Far from just freeing up resources, the ability to dispense with yearly assessments may also be of benefit to the person deprived of their liberty who is content with their arrangements.
By focusing on the Court and the making and un-making of a “dol”, Emma and other people in her position are made to feel peripheral to the whole process. Many of them conclude that “getting off the dol” is essential before they can be part of the process. Many feel that when on a “dol” they are filed away and forgotten only to be taken out for scrutiny when someone else makes a fuss.
A few sections earlier, he described the authorisation of a deprivation of liberty as ‘permissive rather than mandatory […] it enables the carer to use restrictions that amount to a deprivation of liberty, it does not require them to do so’ (§50).
Anslem Eldergill, who until recently was a Court of Protection judge, has written on LinkedIn about his reason for disagreeing with this approach. He writes that, “the idea that under the DOLS Scheme it is the care plan that authorises the detention, and that it is not necessary to rescind a DOLs order (one can just not exercise the authority to detain), are also incorrect […] No one wants an order authorising their detention hanging over them for the remainder of the original 6 or 12 month period’.

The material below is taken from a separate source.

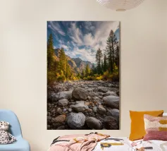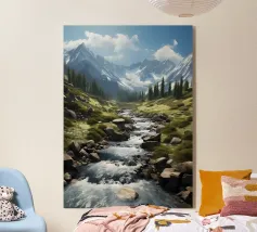 Trasformate la vostra stanza con l'accattivante bellezza della natura. Questa fotografia porta l'essenza della valle di Trollstigen sulle vostre pareti, con un fiume sereno che scorre attraverso una vegetazione lussureggiante circondata da maestose montagne. Perfetto per aggiungere un tocco di tranquillità e avventura a qualsiasi spazio, questo disegno permette di fuggire nel cuore dei grandi spazi aperti. Lasciate che il flusso d'acqua e il paesaggio vibrante ispirino i vostri momenti quotidiani, invitandovi a sperimentare il fascino naturale di questa meraviglia paesaggistica.

I am not sure who Anselm Eldergill has in mind when he writes about somebody claiming that it is not necessary to rescind a DoLS order. That’s not my reading of HHJ Burrows’ judgment, and I suspect (though I’m not sure) that he is referring to commentary on the judgment. In fact, the comments of HHJ Burrows align with section 8.8 of the DoLS Code of Practice:
Deprivation of liberty can be ended before a formal review. An authorisation only permits deprivation of liberty: it does not mean that a person must be deprived of liberty where circumstances no longer necessitate it. If a care home or hospital decides that deprivation of liberty is no longer necessary then they must end it immediately, by adjusting the care regime or implementing whatever other change is appropriate. The managing authority should then apply to the supervisory body to review and, if appropriate, formally terminate the authorisation.

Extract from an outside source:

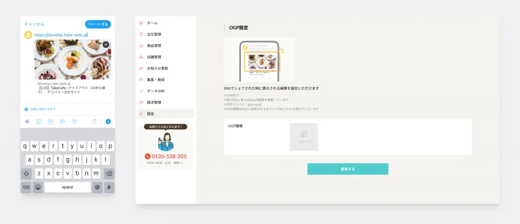 注文サイトがSNSでシェアされたときなどに、OGP画像が表示されるようになります。

It is clear that the judgment in Cheshire West has had significant implications. The fact of the matter is, however, that the Supreme Court cannot make policy decisions. The primary question for the court is whether they got it wrong in 2014.
With thanks to two individuals who gave up their time to fact-check this blog. Any remaining errors are entirely my own.
Editorial Note, 9th October 2025 – This blog has been lightly edited for clarity and brevity. It has also been updated to reflect the fact that the Supreme Court will now hear the case on 20 and 21 October.
Daniel Clark is a member of the core team of the Open Justice Court of Protection Project. He is a PhD student in the Department of Politics & International Relations at the University of Sheffield. His research considers Iris Marion Young’s claim that older people are an oppressed social group. It is funded by WRoCAH. He is on LinkedIn, X @DanielClark132 and Bluesky @clarkdaniel.bsky.social.
Footnotes
[i] For examples of blogs about applications under §21a, see:
[ii] More recently, Mrs Justice Lieven has offered sharp criticism of the Cheshire West judgment. In Re SM, she found it was not necessary to authorise the deprivation of liberty of “a severely disabled child” because her liberty was not so deprived. Lieven J found that SM was unable to leave, not prevented from leaving. Alex Ruck-Keene described this as putting the Cheshire West cat amongst the pigeons, saying that it is ‘more serious than the challenges launched by Mostyn J […] because [Lieven J] engages with the [Cheshire West] judgment in a more sustained and detailed fashion”.